Calculon part 2: costing profiles, performance, and maneuvers
- 8 minutes read - 1592 wordsPart 1 covered the basics: six crates, Valhalla’s tile format, a driving cost model, bidirectional A*, many-to-many matrix, and an Axum HTTP server. Everything worked for the driving case on the Monaco dataset.
Since then, the engine gained bicycle and pedestrian costing, memory-mapped tiles, a comparison webapp, turn-by-turn directions in 34 languages, and enough performance work to make it usable on France-scale data. This is what changed.
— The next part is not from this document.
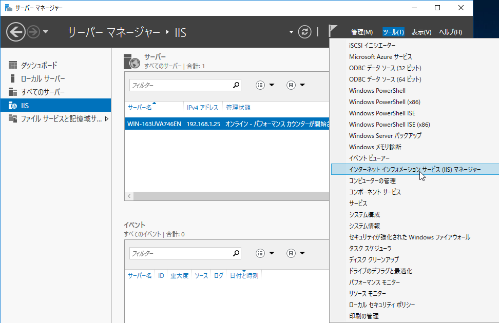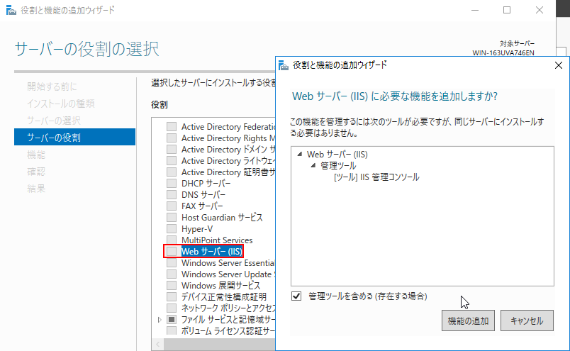 次に、Webサーバーを構築しますが、IISはWindows Serverに内蔵されているので、設定するだけで簡単にWebサーバーを構築できます。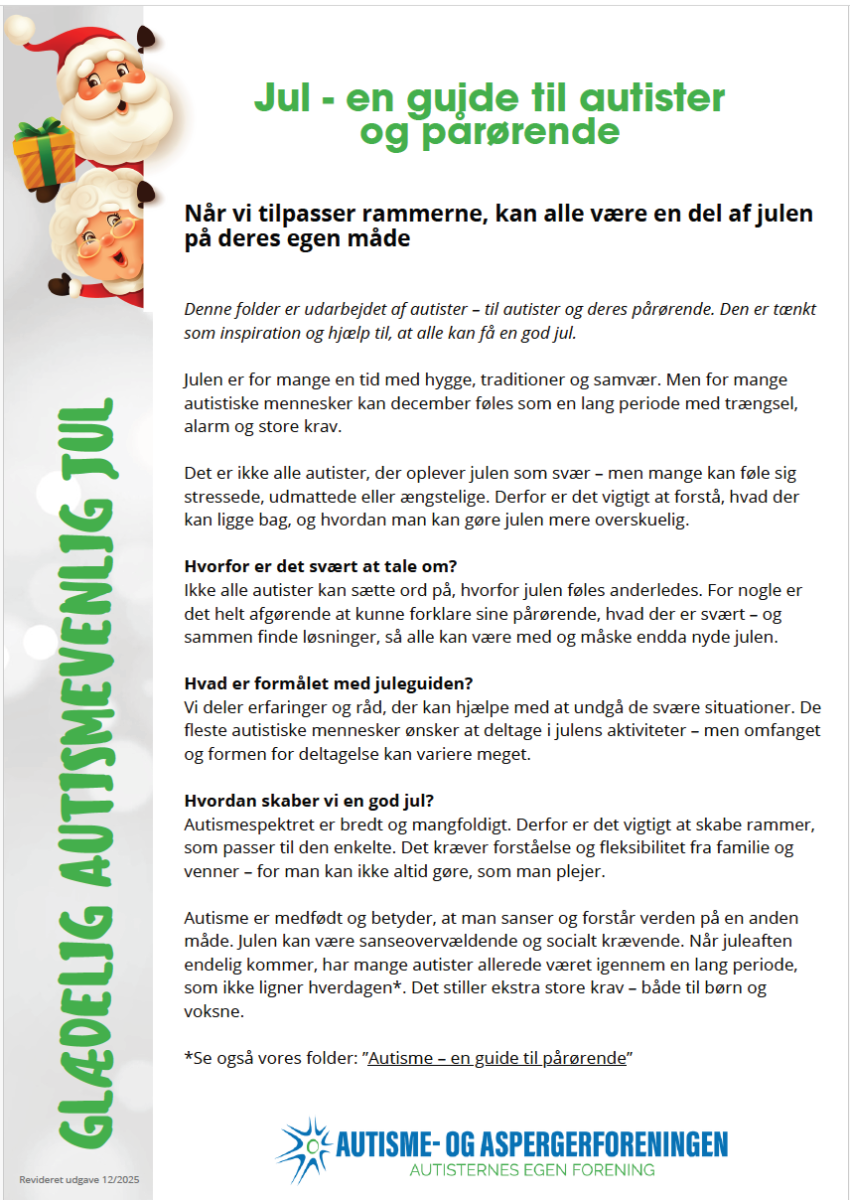 “Jul – en guide til autister og pårørende” er en guide til autister og deres pårørende, der søger at skabe en mere inkluderende og forstående jul. Den beskriver de særlige udfordringer, som mange autister kan opleve i juletiden, og giver praktiske råd til, hvordan man kan tilpasse aktiviteter og traditioner, så alle kan føle sig trygge og glade. Formålet er at fremme dialog og forståelse, så julen kan blive en positiv oplevelse for hele familien.

Bicycle and pedestrian costing
Two new cost models implement the DynamicCost trait alongside the existing AutoCost.
Bicycle defaults to 18 kph (hybrid bike). The model factors in grade, road stress, surface quality, and turn costs, all lighter than auto because a cyclist doesn’t mind a left turn as much as a driver crossing oncoming traffic.
Grade uses a Tobler-style speed table. Flat terrain is 1.0x; steep downhill goes up to 2.2x; steep uphill drops to 0.3x. Hill avoidance is a separate preference (use_hills) that applies an additional penalty on grades regardless of the speed adjustment.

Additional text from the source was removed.